A sexist culture and severe budget cuts has put Australian radio back on top of the Australian news list. Jennifer Huynh considers the fate of Australian radio in a consumer dictated world.

 

A sexist culture and severe budget cuts has put Australian radio back on top of the Australian news list.

Radio has long received criticism of its gendered culture, the recent sackings of high profile women and staff cuts at ABC’s Radio National begs the question, is radio a dying industry?

Now, radio completes with several streaming services that allow listeners to narrow down exactly what they want to hear.

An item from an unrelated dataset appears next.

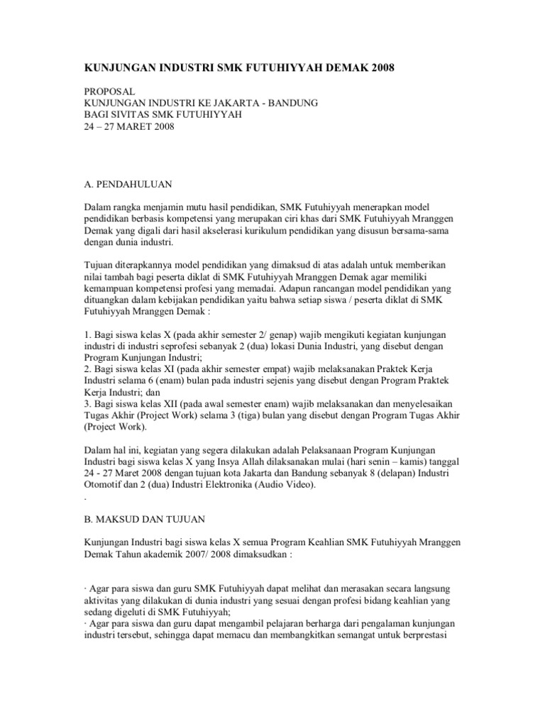 Contoh proposal kunjungan industri. Ilmu pengetahuan dan teknologi berkembang begitu pesat dewasa ini dengan pertumbuhan yang sangat cepat hingga dalam hitungan waktu yang amat singkat. Hal ini karena penting bagi mereka yang sedang menekuni bidang tertentu untuk tahu bagaimana kondisi di lapangan yang sebenarnya. Proposal kegiatan kunjungan industri di malang. Sekolah menengah kejuruan perlu diadakanya kunjungan industri ki. Kunjungan industri dilakukan untuk memberikan gambaran kepada siswa tentang industri dan proses produksi di bidang bisnis dan managemen. Kegiatan kunjungan industri site in home industry kripik buah dan kebun teh malang.

Pandora uses music analysis to create personalised playlists for listeners based on suggestions they enter. Spotify is an on-demand music streaming service with an extensive library of artists and playlists and includes nifty tools like matching the beat of your running step with your favourite music.

Importantly, both these services allow listeners to by-pass ads for a low subscription fee. Listeners can also access Itunes as a marketplace for all their podcast and music purchasing needs.

This creates an environment for radio that is extremely difficult to compete within. People are no longer forced to listen advertisements or hosts they are not interested in to hear the songs they like.

Whether radio will die completely is unknown, but the industry has to adjust and innovate as the shift into music streaming and podcasts is undeniable.

Successful podcasting can be valuable contribution to content marketing. It is able to reach an audience that has an interest in your subject area. It’s also easy to generate material for podcasts such as through interview like questions. These podcasts can be turned into written material by using and editing transcripts.